Where have I been? It’s been a while since I last wrote. One experience richer and I’m back again. In May I went to Bali for one month to complete a Yoga Teacher Training, a dream I’ve had for 5 years that finally came through. I learned about myself, to let go, and to accept who I am.
There were so many things that happened in Bali. Every day was like a life journey I didn’t know how it was going to end. I spent some time to document all the strong feelings, resistance, challenges, and joy. Due to lack of wifi (which was actually quite good), I stored all those notes to post later. Well, as it happens in life when the moment came to post all of those precious notes, they were all gone…
This made me a bit sad so I became unmotivated to continue to write. Being in Bali was so strong and when I came back to “normal life”, I think I was in shock so I didn’t know what to write. One thing I’ve learned from this is to let go, not cling to the past and the things that don’t really matter. Acceptance and moving forward is what makes us happy.
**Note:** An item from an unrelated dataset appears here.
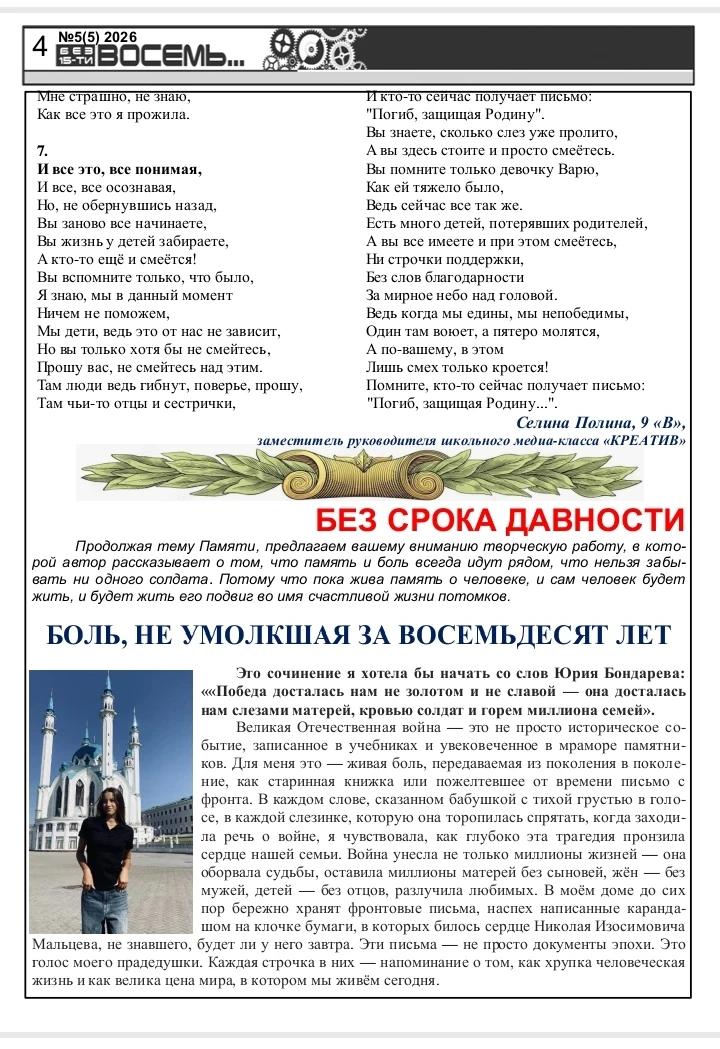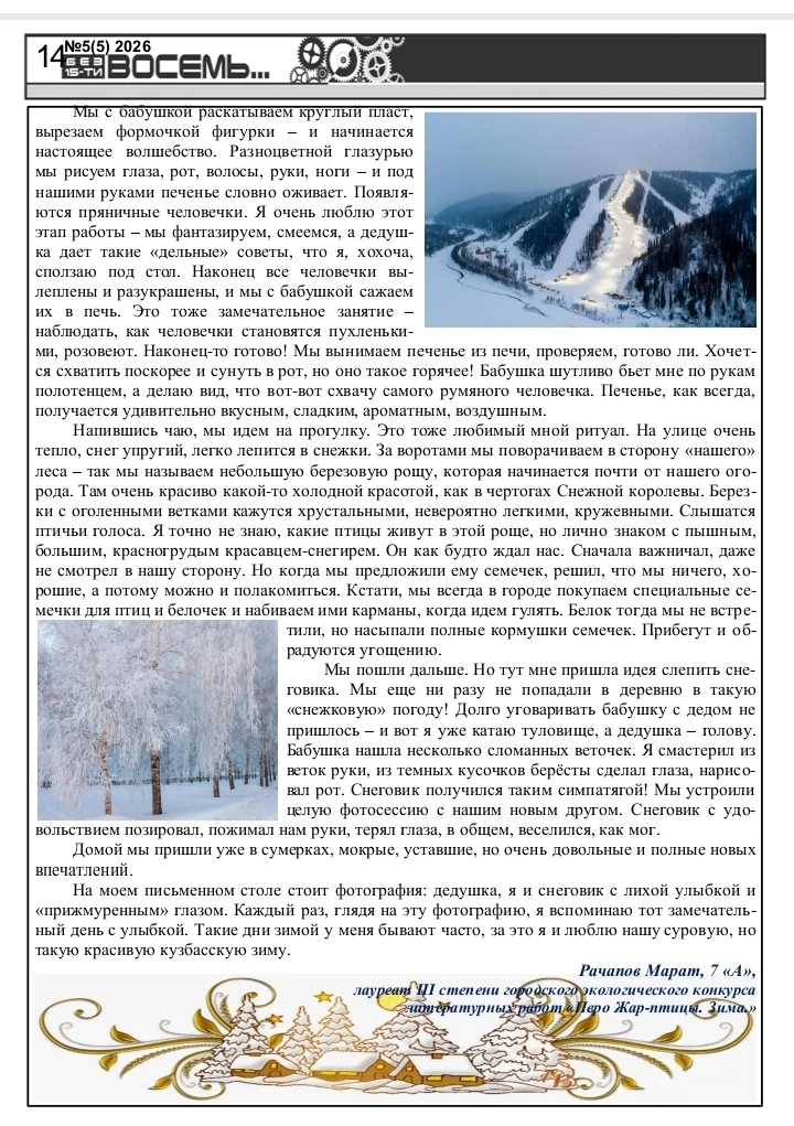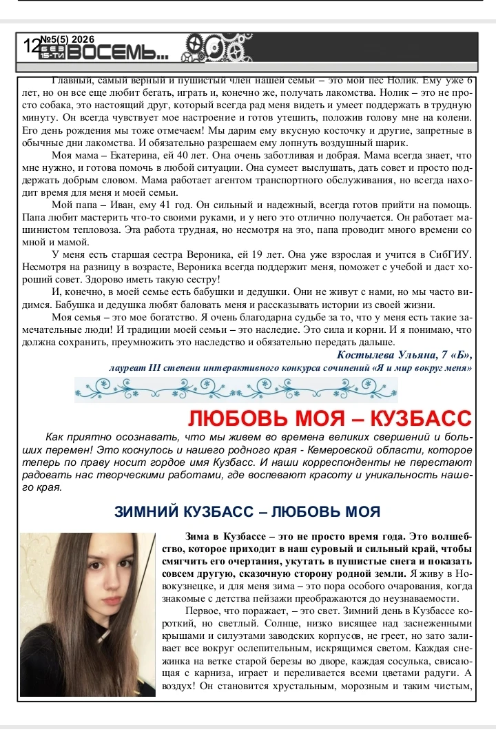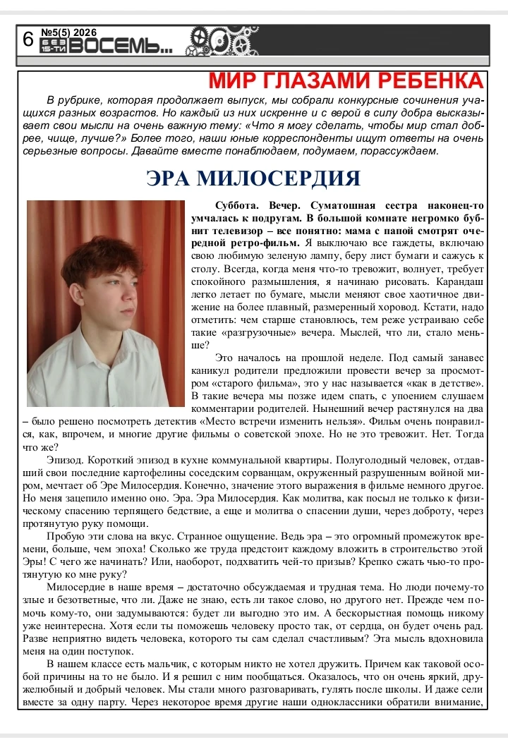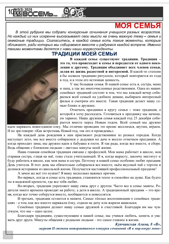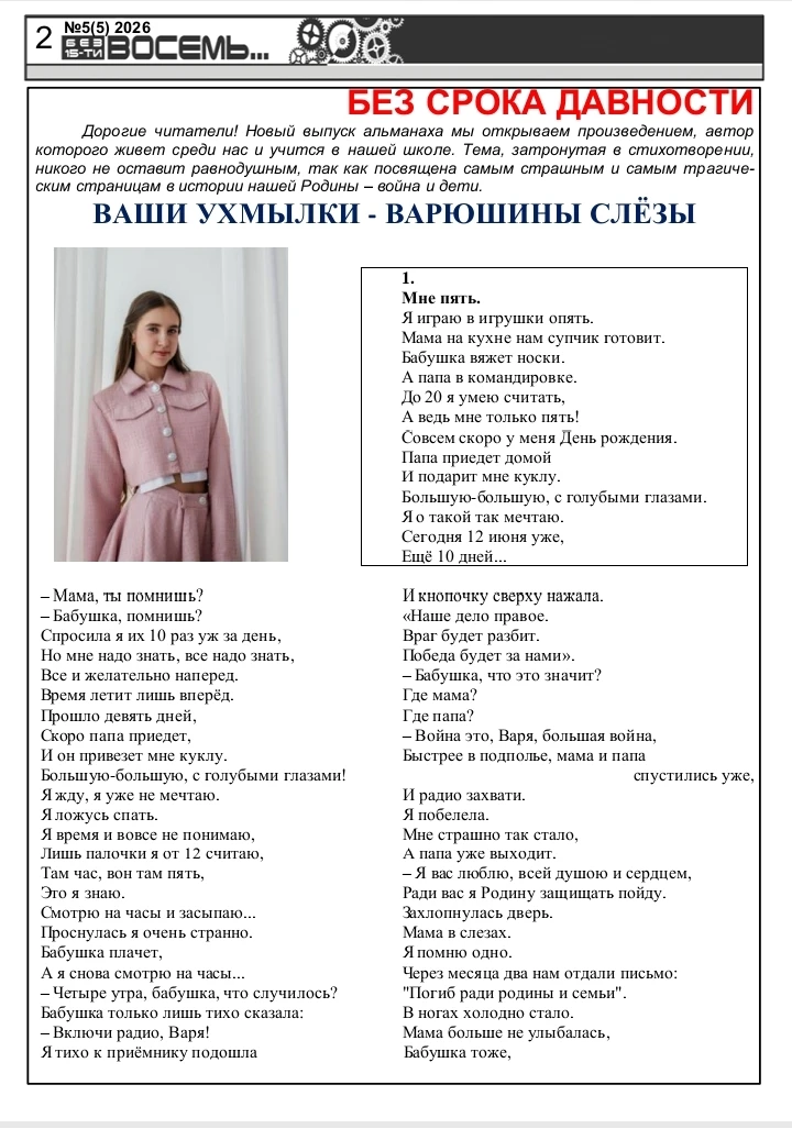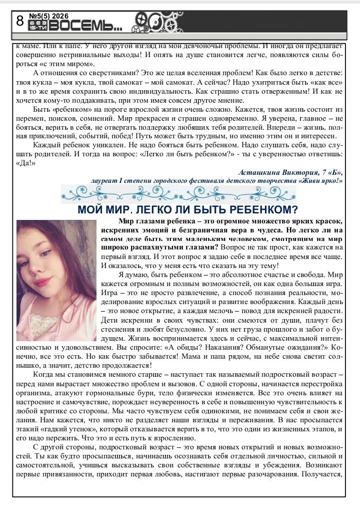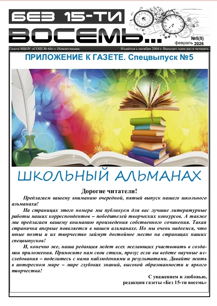 Дорогие читатели! Вас приветствует редакционная коллегия школьной газеты "Без 15-ти восемь"! Предлагаем вашему вниманию пятый выпуск Школьного альманаха! Приглашаем вас разделить с нами восхищение талантливыми школьниками, прочитать замечательные творческие работы. Предлагаем вашему вниманию не только конкурсные сочинения, но и очень серьезные литературные произведения, поднимающие глубокие и важные проблемы. Ждем ваши искренние и добрые отзывы и комментарии! Приятного чтения!

I remember the first few days that already felt like weeks. Being so physically exhausted and doubting if I was going to make it. Then the routines that started. Yoga life for 12h every day and how much happiness it brought to me. I spoke to my family a few times and my partner said my voice even changed and I sounded more calm, lighter and more confident. I would recommend doing a Yoga Teacher Training to anyone, not only if you want to teach yoga but it’s a school for life.
So what has happened since May? I went to Thailand which is my second home. My yogi sister came to visit and it was fun to have that connection outside of Bali too. I went to my regular yoga place and felt the difference in my personal practice. Lessons that I thought were very hard before, now became light and I could easily do 2-3 practices per day, 3-4h per day was no problem.
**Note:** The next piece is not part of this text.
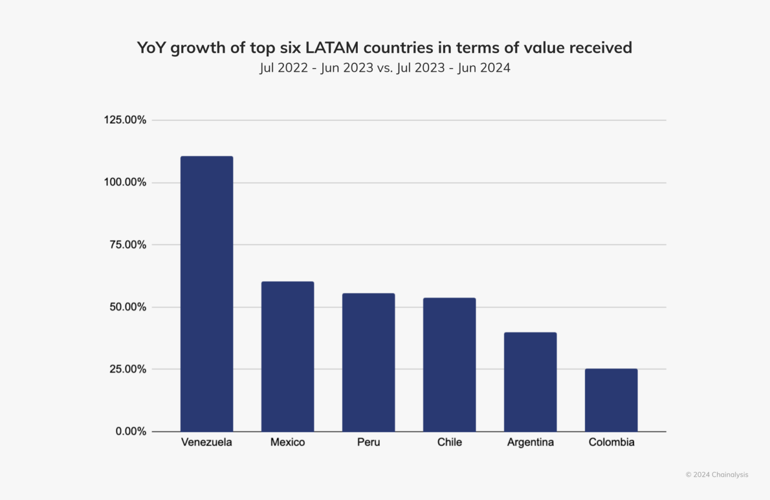 “マドゥロ政権は最近、具体的な計画を示さずに暗号資産への関心を新たに示唆しました。このような政治的動静の結果に関わらず、ベネズエラはラテンアメリカで最も急速に成長している暗号資産市場の一つです。ベネズエラの年間成長率は110%に達し、この地域の他の国々を大きく上回っています。”とChainalysisは指摘しています。

It’s amazing to feel how your body transform. I’m not talking about how the body looks, we have enough of that obsession from media I think. No, I mean how it feels to be strong, light and to have power like never before. Feeling that strong makes me happy and I realise it might be a stronger effect than “just” being flexible.
Summer Yoga Journeys
June and July I’ve spent some beautiful months in the north of Sweden. I created a summer yoga series that I have twice a week in a yoga tent in a green flower garden. This was a big deal for me and a good lesson to take that knowledge from the training and teach my own students. It’s been fun and valuable to teach people from 8 years old to 65 with all kinds of bodies.
One of the most important lessons I took from the training is to teach what I practice. So I’ve kept up with my daily practice 6 days a week of Ashtanga yoga and have recently started to incorporate some Rocket yoga too.
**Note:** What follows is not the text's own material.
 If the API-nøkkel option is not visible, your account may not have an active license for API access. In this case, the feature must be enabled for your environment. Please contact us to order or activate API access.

This week I’ve had some yoga nostalgia and I start to miss being part of a bigger yoga community. There is very little yoga where I’m now and although I’m happy to have created my own little tribe, I miss that energy that comes with a larger group.
This morning whilst working at the terrace I listened to this particular song on Spotify. It brought me back to those sweaty Tuesdays in the big Flow class in Shanghai with sometimes 60 students. Just by closing my eyes I could feel the vibe of those classes, even hear the teachers voice in my head for a moment. I realise how important it is to continue to learn and realise although now a certified Yoga teacher I’m just at the beginning of this lifelong journey. So thankful!
This week I’ve been dreaming about Bali again and would love to stay there 1-2 months and hang out with the other yogis there. I don’t know if it’s the place, the climate or the rice fields. When I’m there, I feel like a different person. Maybe later this winter. Until then I’ll continue on this yoga journey and where it might take me. Namaste.